But current solution looks more elegant and simpler to me. So I would
not change it.

-Robert
Suzuki K Poulose Sept. 7, 2015, 5:41 p.m. UTC | #9
On 07/09/15 18:15, Catalin Marinas wrote:
> On Mon, Sep 07, 2015 at 05:54:06PM +0100, Suzuki K. Poulose wrote:
>> On 14/08/15 19:28, Robert Richter wrote:
>>> diff --git a/drivers/irqchip/irq-gic-v3.c b/drivers/irqchip/irq-gic-v3.c
>>> index c52f7ba205b4..4211c39b8744 100644
>>> --- a/drivers/irqchip/irq-gic-v3.c
>>> +++ b/drivers/irqchip/irq-gic-v3.c
>>> @@ -107,7 +107,7 @@ static void gic_redist_wait_for_rwp(void)
>>
>> ...
>>
>>> +}
>>> +
>>>   static void __maybe_unused gic_write_pmr(u64 val)
>>>   {
>>>   	asm volatile("msr_s " __stringify(ICC_PMR_EL1) ", %0" : : "r" (val));
>>> @@ -766,6 +798,12 @@ static const struct irq_domain_ops gic_irq_domain_ops = {
>>>   	.free = gic_irq_domain_free,
>>>   };
>>>
>>> +static void gicv3_enable_quirks(void)
>>> +{
>>> +	if (cpus_have_cap(ARM64_WORKAROUND_CAVIUM_23154))
>>> +		static_key_slow_inc(&is_cavium_thunderx);
>>
>> May be you could use the enable() method added to struct arm64_cpu_capability
>> here to perform the above operation, added by James :
>>
>> commit 1c0763037f1e1caef739e36e09c6d41ed7b61b2d
>> Author: James Morse <james.morse@arm.com>
>> Date:   Tue Jul 21 13:23:28 2015 +0100
>>
>>      arm64: kernel: Add cpufeature 'enable' callback
>
> I thought about this as well when looking at the patch but decided it's
> better as it is. The "enable" method is meant to enable per-CPU features
> (or workarounds) but here it is about GICv3, so we don't want to enable
> for every CPU.

Right. I have been playing with a series where the checks are delayed until
all CPUs are brought up. But yes, I understand this usecase is slightly different
and may not match what I was thinking about.

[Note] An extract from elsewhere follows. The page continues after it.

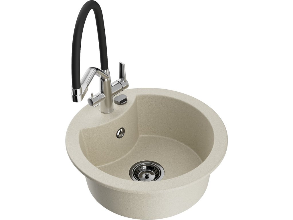 MEXEN/S - Diego granitový dřez 1-miska včetně baterie Duo, béžová 6512-69-671701-07-B

May be, gic can have its own private list of _cpu_capability which it can run
over check_cpu_capabilities(), which it can run over and that will fall back to
what we have at the moment. So, may be what we have here is as good as we can
get.

Cheers
Suzuki
Catalin Marinas Sept. 8, 2015, 9 a.m. UTC | #10
On Mon, Sep 07, 2015 at 06:41:50PM +0100, Suzuki K. Poulose wrote:
> On 07/09/15 18:15, Catalin Marinas wrote:
> >On Mon, Sep 07, 2015 at 05:54:06PM +0100, Suzuki K. Poulose wrote:
> >>On 14/08/15 19:28, Robert Richter wrote:
> >>>+static void gicv3_enable_quirks(void)
> >>>+{
> >>>+	if (cpus_have_cap(ARM64_WORKAROUND_CAVIUM_23154))
> >>>+		static_key_slow_inc(&is_cavium_thunderx);
> >>
> >>May be you could use the enable() method added to struct arm64_cpu_capability
> >>here to perform the above operation, added by James :
> >>
> >>commit 1c0763037f1e1caef739e36e09c6d41ed7b61b2d
> >>Author: James Morse <james.morse@arm.com>
> >>Date:   Tue Jul 21 13:23:28 2015 +0100
> >>
> >>     arm64: kernel: Add cpufeature 'enable' callback
> >
> >I thought about this as well when looking at the patch but decided it's
> >better as it is. The "enable" method is meant to enable per-CPU features
> >(or workarounds) but here it is about GICv3, so we don't want to enable
> >for every CPU.
> 
> Right. I have been playing with a series where the checks are delayed until
> all CPUs are brought up.

Unrelated to the GIC workaround, delaying the enable feature until the
CPUs are brought up is not always be feasible. At some point we may
implement support to defer the CPU on to user space (I already have a
patch that does this when no DT enable-method is specified, but I won't
publish it before Qualcomm fixes its firmware ;)). But we may have other
reasons to start with CPUs hot-unplugged by default and turn them on
later.
Suzuki K Poulose Sept. 8, 2015, 9:09 a.m. UTC | #11
On 08/09/15 10:00, Catalin Marinas wrote:
> On Mon, Sep 07, 2015 at 06:41:50PM +0100, Suzuki K. Poulose wrote:
>> On 07/09/15 18:15, Catalin Marinas wrote:
>>> On Mon, Sep 07, 2015 at 05:54:06PM +0100, Suzuki K. Poulose wrote:
>>>> On 14/08/15 19:28, Robert Richter wrote:
>>>>> +static void gicv3_enable_quirks(void)
>>>>> +{
>>>>> +	if (cpus_have_cap(ARM64_WORKAROUND_CAVIUM_23154))
>>>>> +		static_key_slow_inc(&is_cavium_thunderx);
>>>>
>>>> May be you could use the enable() method added to struct arm64_cpu_capability
>>>> here to perform the above operation, added by James :
>>>>
>>>> commit 1c0763037f1e1caef739e36e09c6d41ed7b61b2d
>>>> Author: James Morse <james.morse@arm.com>
>>>> Date:   Tue Jul 21 13:23:28 2015 +0100
>>>>
>>>>      arm64: kernel: Add cpufeature 'enable' callback
>>>
>>> I thought about this as well when looking at the patch but decided it's
>>> better as it is. The "enable" method is meant to enable per-CPU features
>>> (or workarounds) but here it is about GICv3, so we don't want to enable
>>> for every CPU.
>>
>> Right. I have been playing with a series where the checks are delayed until
>> all CPUs are brought up.
>
> Unrelated to the GIC workaround, delaying the enable feature until the
> CPUs are brought up is not always be feasible.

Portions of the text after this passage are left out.